Bush stood at the refrigerator door.

“Well, sir, I just wouldn’t know…I am not sure where to start looking,” said Harold.

“Hey, look at that. Is that Grant? Watching over the White House booze. That’s funny,” said Bush as he grabbed two bottles off the rack. “Here we go. Two Chardonneys. And they are dry. Dry enough. Let’s close this up and have ourselves a drink,” said the President as he walked out of the refrigerator.

Harold followed President Bush out, closed the heavy wood door and locked the dead bolts. By the time Harold walked back to the kitchen center island, President Bush has already had one of the bottles open with a full glass of wine in a glass tumbler. Harold noticed that the President was not sipping but gulping. And in one quickk clip, Mr. Bush was already pouring himself a second glass.

“Want some, there, Harold?” asked Bush.

“No, sir,” said Harold.

“Hey, I’m the President. You got to drink when I ask you to,” said Bush.

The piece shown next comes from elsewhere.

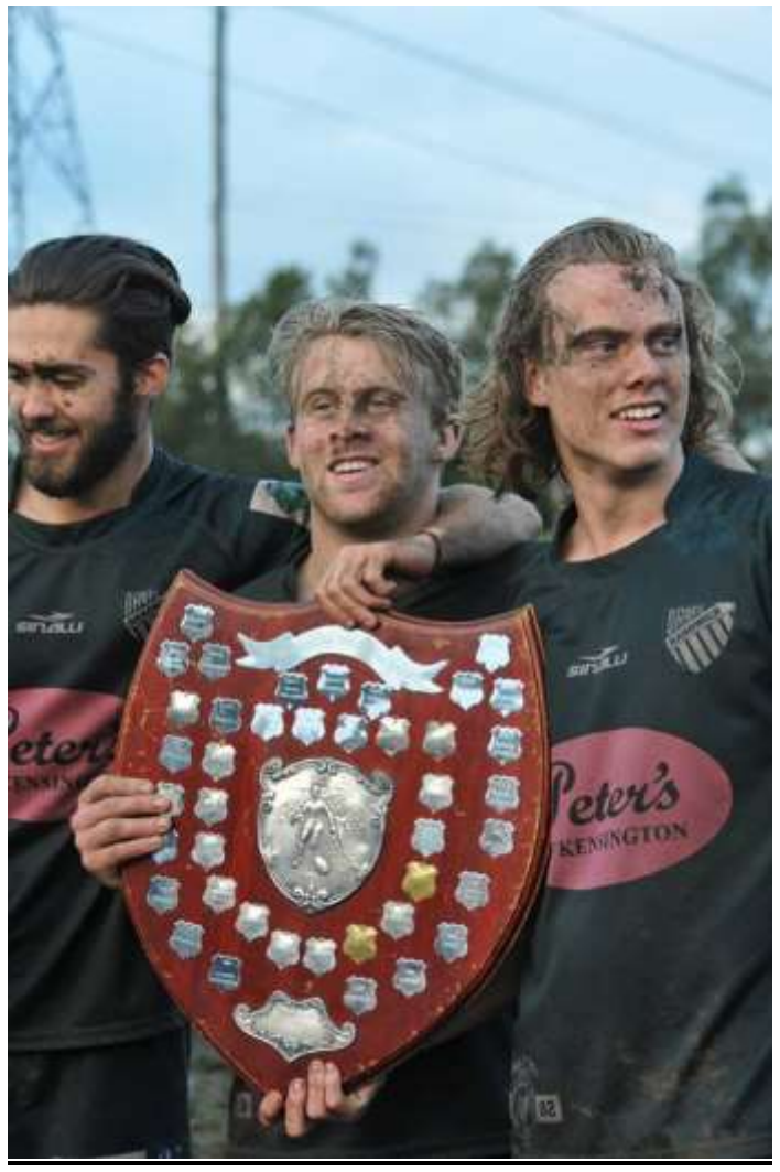
Premiership winning First Grade Colts

Harold did not know what to say. He had had a rule all his life: one never drinks on the job…never. His father taught him that by drinking himself to death. And so Harold made sure to keep his work very far from drink.

“Just kidding, Harold,” said Bush as he downed another glass. “You got those keys?” asked Bush.

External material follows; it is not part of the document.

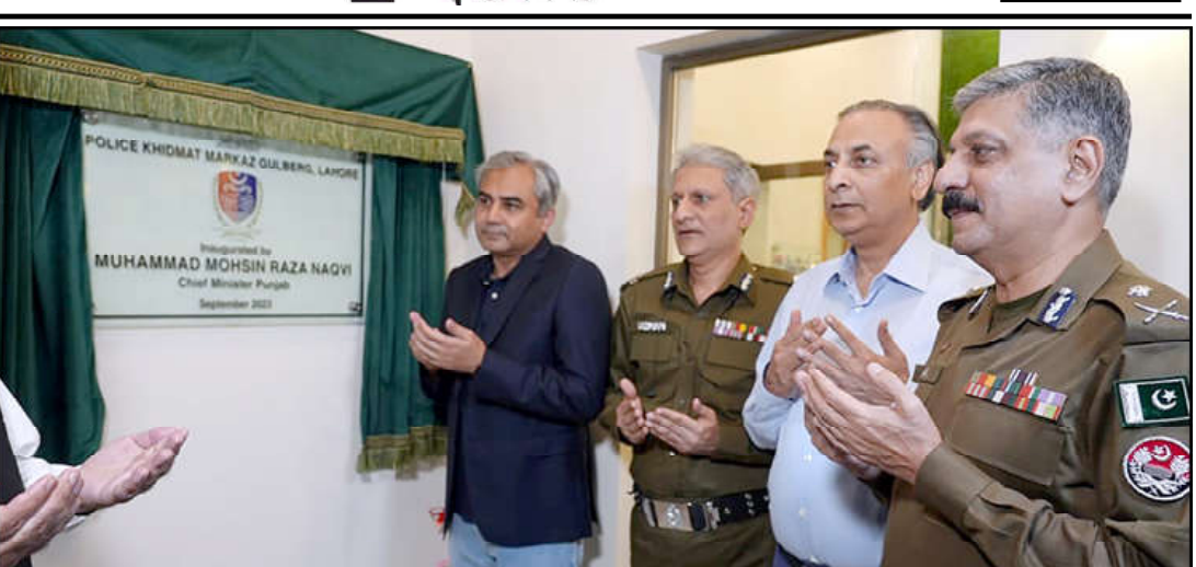
LAHORE: Caretaker Chief Minister Punjab Mohsin Naqvi offering Dua after inaugurating extension project of Police Helpline Centre at Liberty.

“Yes, sir,” said Harold as he placed the refrigerator keys on the butcher block next to the President.
Harold noticed that the bottle of Chardonney that the President had opened was almost empty.

“You know I don’t regret a thing. Not a thing. I’m President. You can’t get any higher than that. You can’t have more success than that. I am at the top, there, Harold. The tippy top. Yeah, OK, yeah I made a few mistakes. But everyone makes…yeah, everyone everyone. I’m not the only one, Harold. I mean I haven’t killed anyone. I haven’t raped a woman. I have never hit my wife. Never. Never would do that.

The President stood, more slowly and uncertainly than Harold did when he got up from his stainless steel chair.

“You finish the bottle. And put the other one back in the…hey, you here tomorrow night, Harold?” asked the President.

“Yes, sir,” said Harold.

“Good. Good. You’re a good man. You started with Reagan, right?”

“Yes, sir,” said Harold.

“He was a good man too. He was a good man. You’re a good man. And, hey, yeah, I ‘m a good man. I’m headin’ up. Upstairs. Got a day tomorrow, you know. Got a day,” said President Bush as he walked down the corridor that led to the stairwell to the upper levels of the White House.

Harold stood for a moment. He grabbed the nearly empty bottle of Chardonney, poured out the remaining wine into the sink and through the bottle in the recycle bin. He then washed the President’s tumbler. Afterall, that was his job. That was Harold James Hoey’s job, to wash the President’s ’s dirty dinnerware.